La TVA est-elle récupérable sur l’achat d’un véhicule de tourisme pour une entreprise ?

En règle générale, la TVA n’est pas récupérable sur l’achat d’un véhicule de tourisme par une entreprise, car ces véhicules sont considérés comme pouvant être utilisés à des fins personnelles. Cette non-déductibilité concerne aussi bien l’achat que la location ou le crédit-bail.
Toutefois, des exceptions existent pour certaines activités professionnelles spécifiques (taxis, auto-écoles, VTC, transports de personnes, ambulances, etc.) ou lorsque le véhicule est strictement affecté à un usage professionnel encadré. Des évolutions récentes de la doctrine fiscale peuvent également ouvrir des droits à déduction dans des cas très précis, sous conditions formelles.
Il est donc essentiel d’analyser l’usage réel du véhicule et le cadre juridique applicable avant toute déclaration de TVA.

La TVA sur le carburant d’un véhicule utilitaire est-elle récupérable ?

Oui. La TVA sur le carburant d’un véhicule utilitaire est récupérable lorsque le véhicule est utilisé dans le cadre de l’activité professionnelle de l’entreprise. Cela concerne aussi bien le gazole que l’essence, ainsi que les énergies alternatives, selon les règles fiscales en vigueur.
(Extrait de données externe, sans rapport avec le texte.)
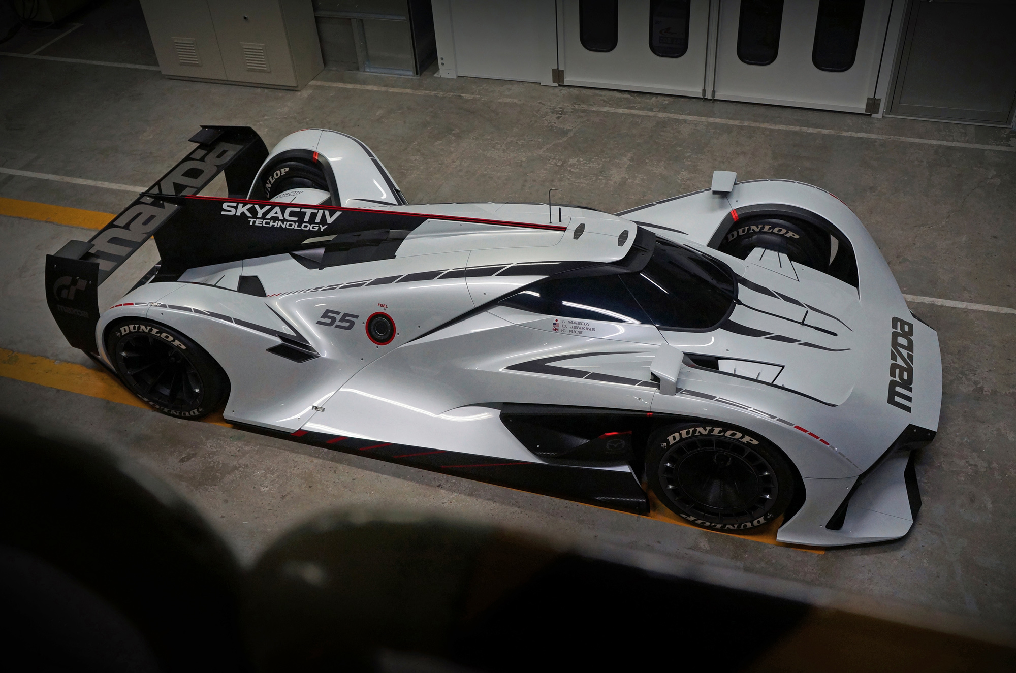 А тут ещё удобный случай: традиционная центральная скульптура на Фестивале скорости в Гудвуде на этот раз была отдана на откуп Мазде. И вот на вершине спиральной дороги скульптор Джерри Джуд разместил точную копию роторного спортпрототипа Mazda 787B, победителя Ле-Мана 1991 года, а рядом с ним — как раз LM55, придуманный как дань уважения тому легендарному автомобилю.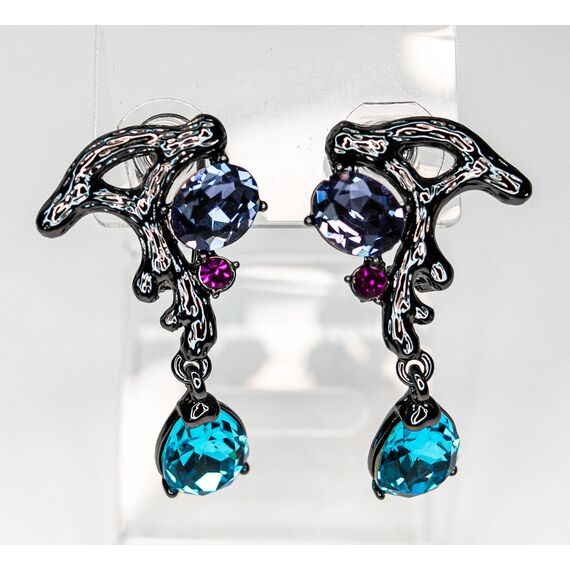 Серьги из гипоаллергенного ювелирного сплава черного цвета. .Вставка-ювелирное стекло, цвет- голубой, розовый, сиреневый. Итальянский замок( швенза-1,2см и застежка- клипса). Подвесная часть серег- размер камня (голубого)-1,2/1,5см. Высота серег-4,5-см, ширина-2,2см.

Cette récupération de TVA s’applique également aux dépenses annexes liées au véhicule utilitaire : entretien, réparations, maintenance, pièces détachées et prestations associées. Pour les gestionnaires de flotte, cette déductibilité représente un levier d’optimisation important du coût global d’exploitation du parc automobile.
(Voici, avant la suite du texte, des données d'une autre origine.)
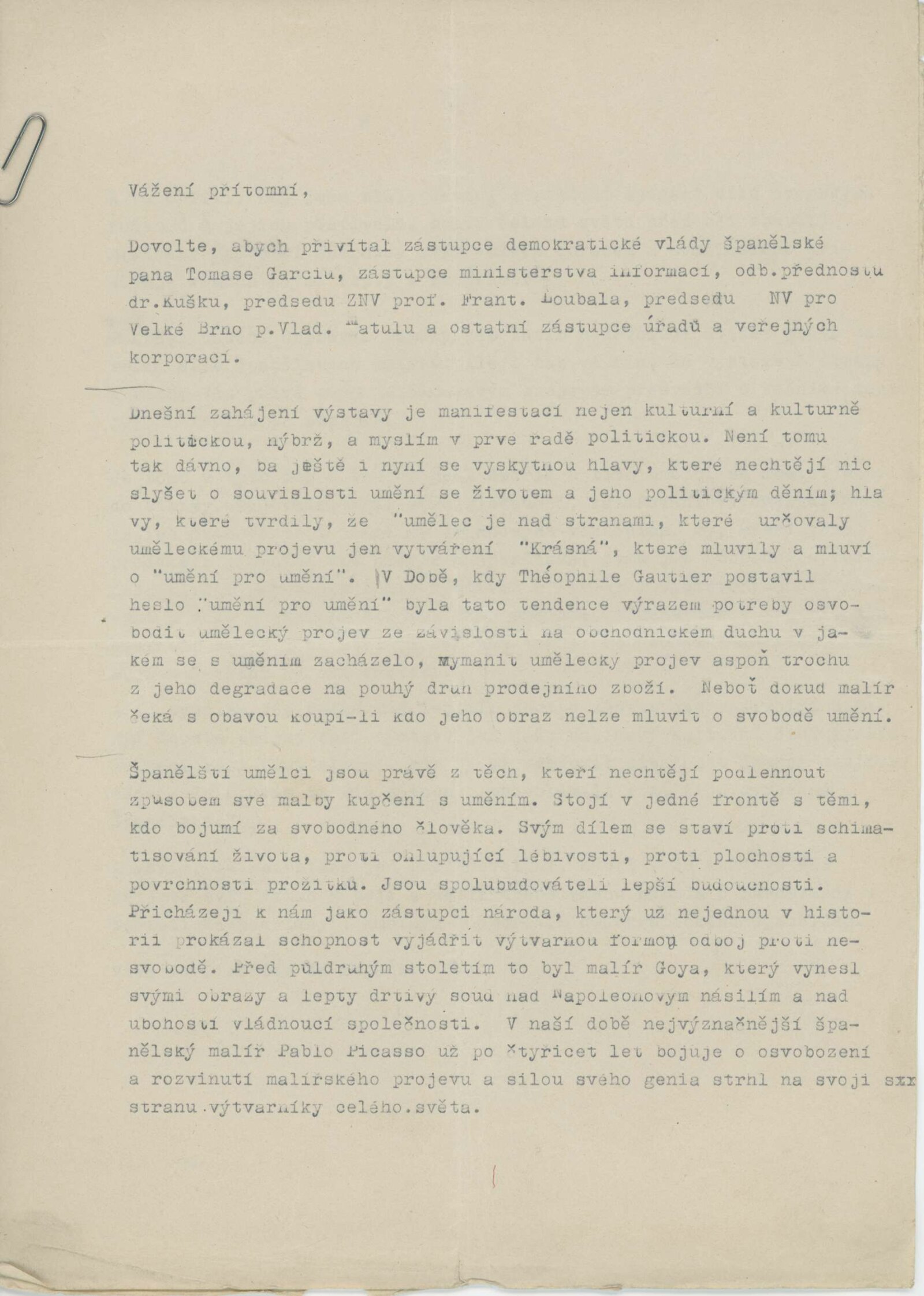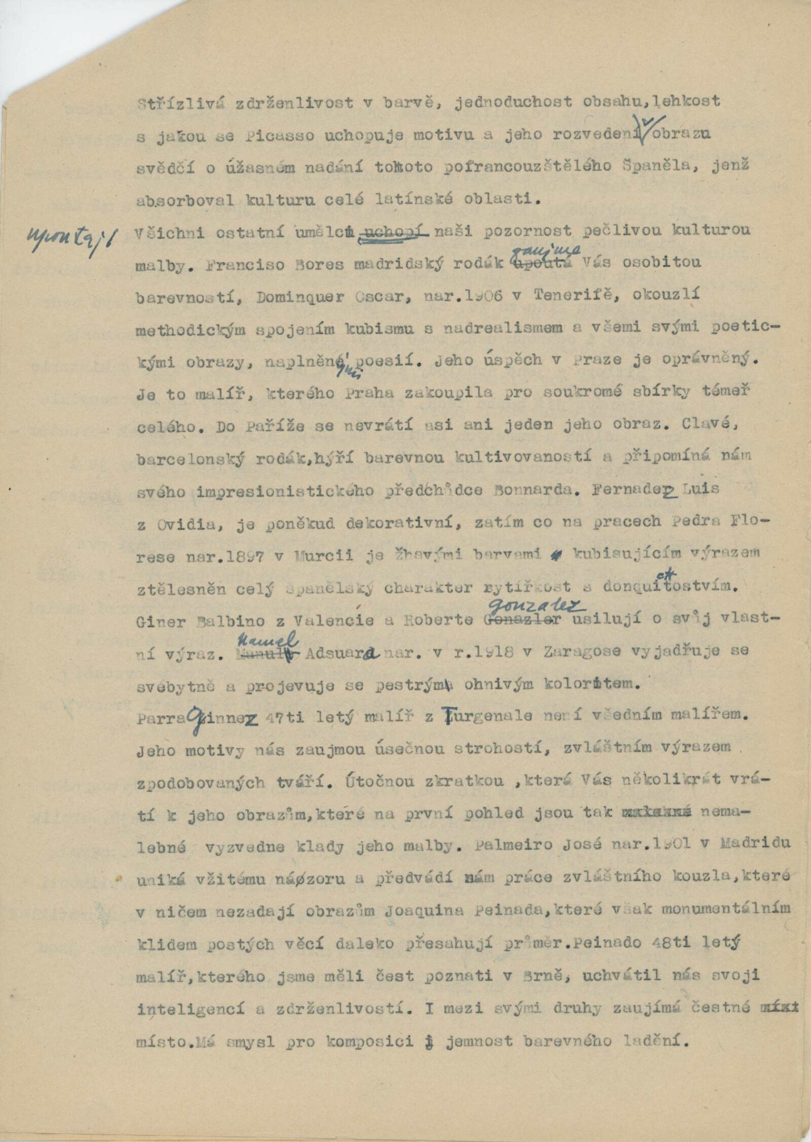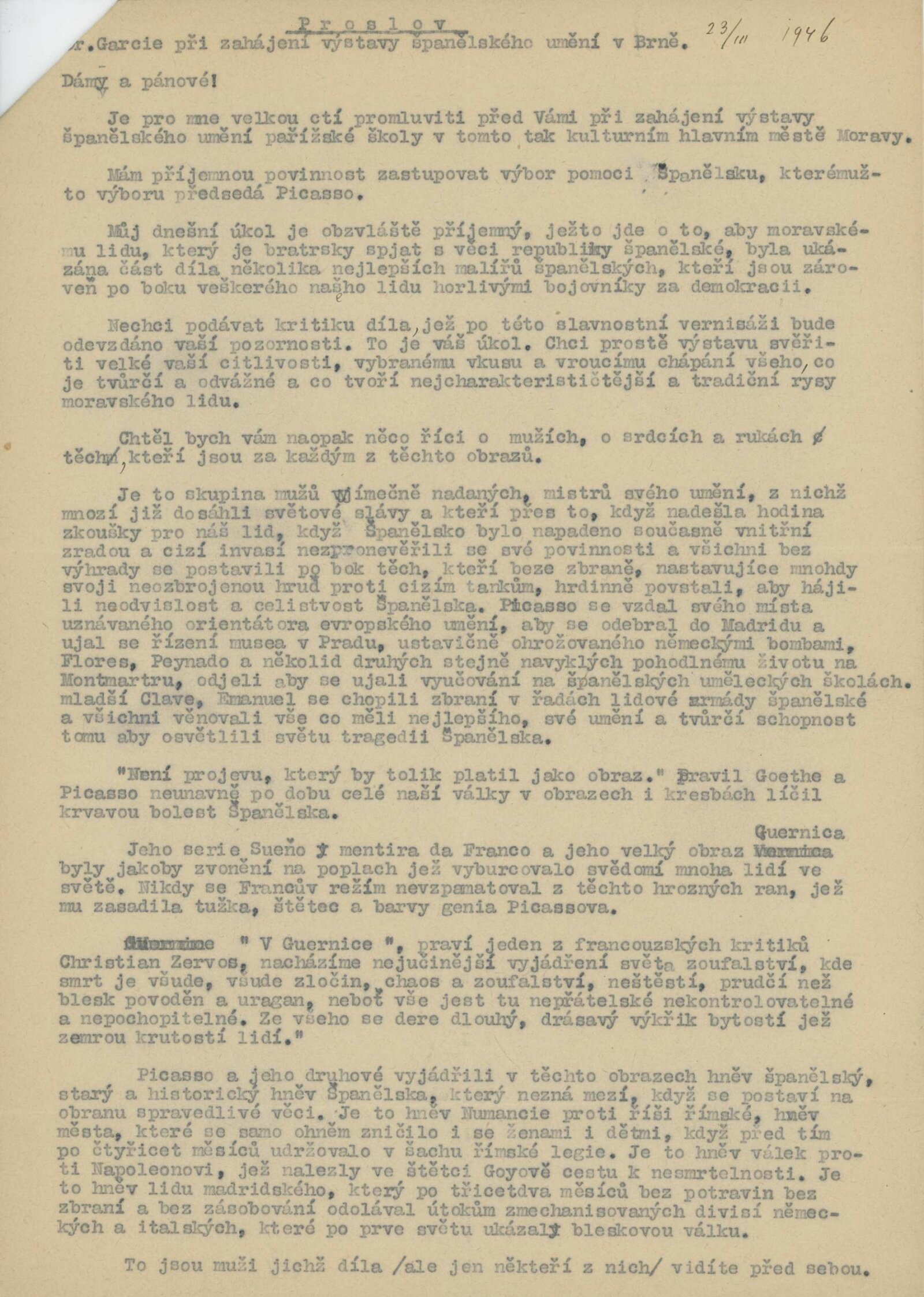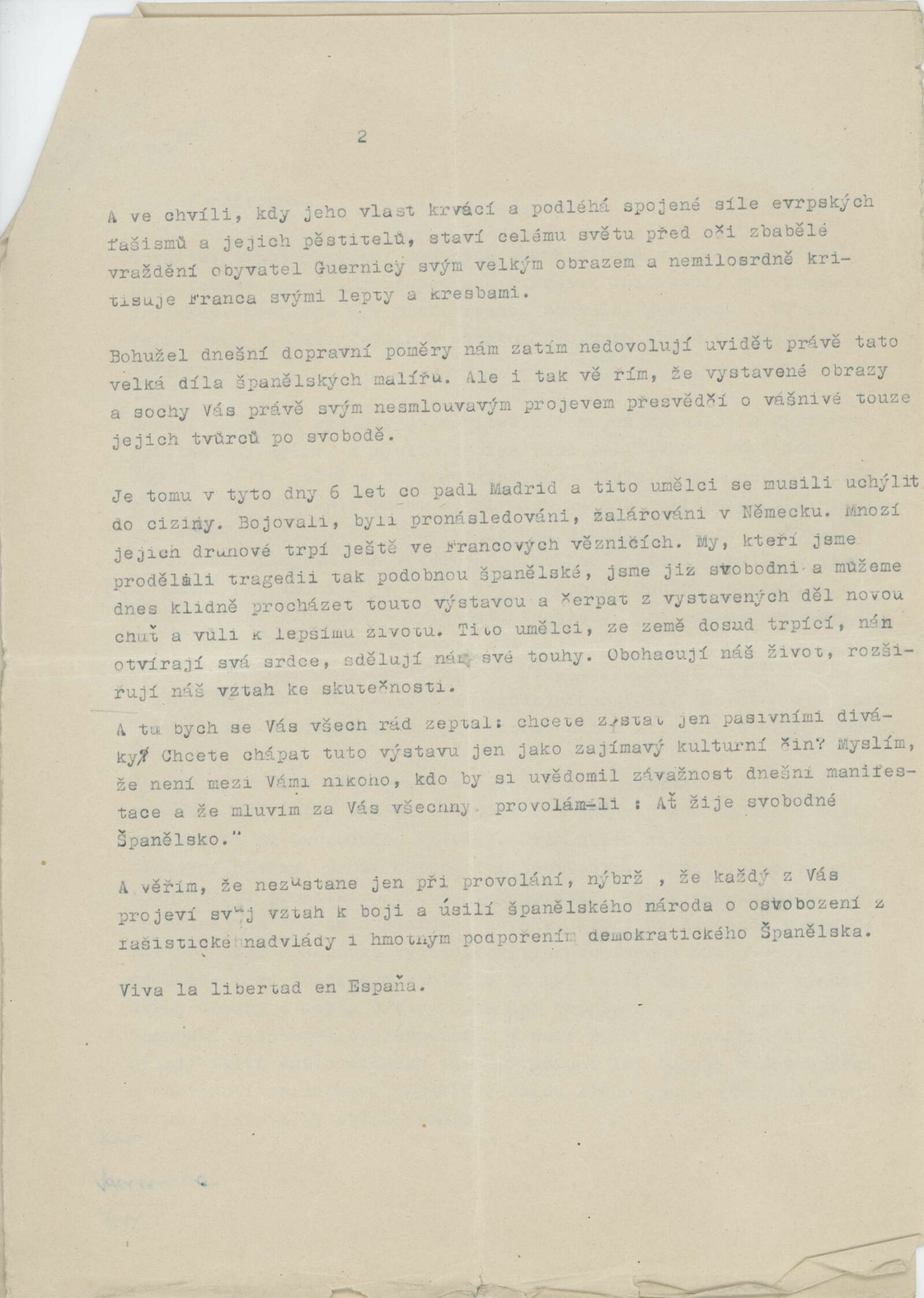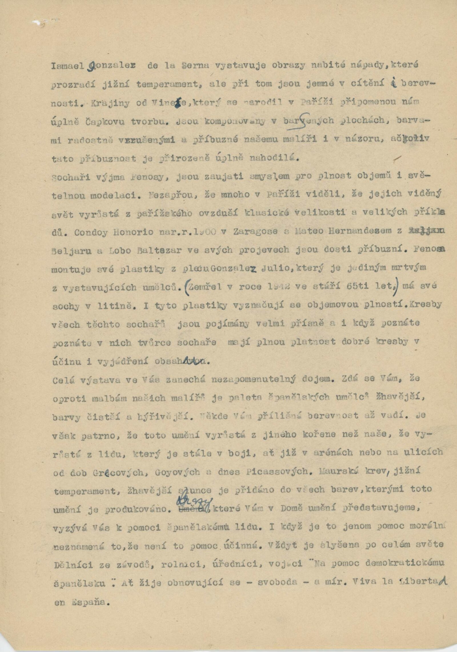 katalog, úvodní proslov, projev T. Garcii, upozornění na výstavu institucím, provozní korespondence, soupisy zakoupených a odebraných obrazů, pojištění, zpráva a korespondence o návštěvě umělců: Antoni Clavé, Manuel Adsuara, Pedro Flores, Joaquin Peinado, Appelles Fenosa, Baltazar Lobo 7. – 11. 2. 1946, pojištění na přepravu, katalog výstavy v budově SVU Mánes, 30. 1. – 23. 5. 1946, potvrzení o převzetí prodaných obrazů, text o výstavě, recenze v tisku

Que faire si un véhicule n’est pas éligible à la récupération de TVA ?

Lorsqu’un véhicule n’est pas éligible à la récupération de TVA, l’entreprise doit intégrer la TVA dans le coût global du véhicule. Il est alors essentiel de structurer la gestion fiscale et administrative du parc automobile pour optimiser les autres leviers disponibles.
Cela passe notamment par :

  • la traçabilité de l’usage professionnel du véhicule
  • la conservation rigoureuse des factures et justificatifs
  • l’optimisation des dépenses annexes déductibles (entretien, carburant, services)
  • et l’accompagnement par un expert fiscal ou un spécialiste de la gestion de flotte pour sécuriser les pratiques déclaratives

Cela permet de limiter l’impact fiscal même en l’absence de récupération directe de TVA sur le véhicule.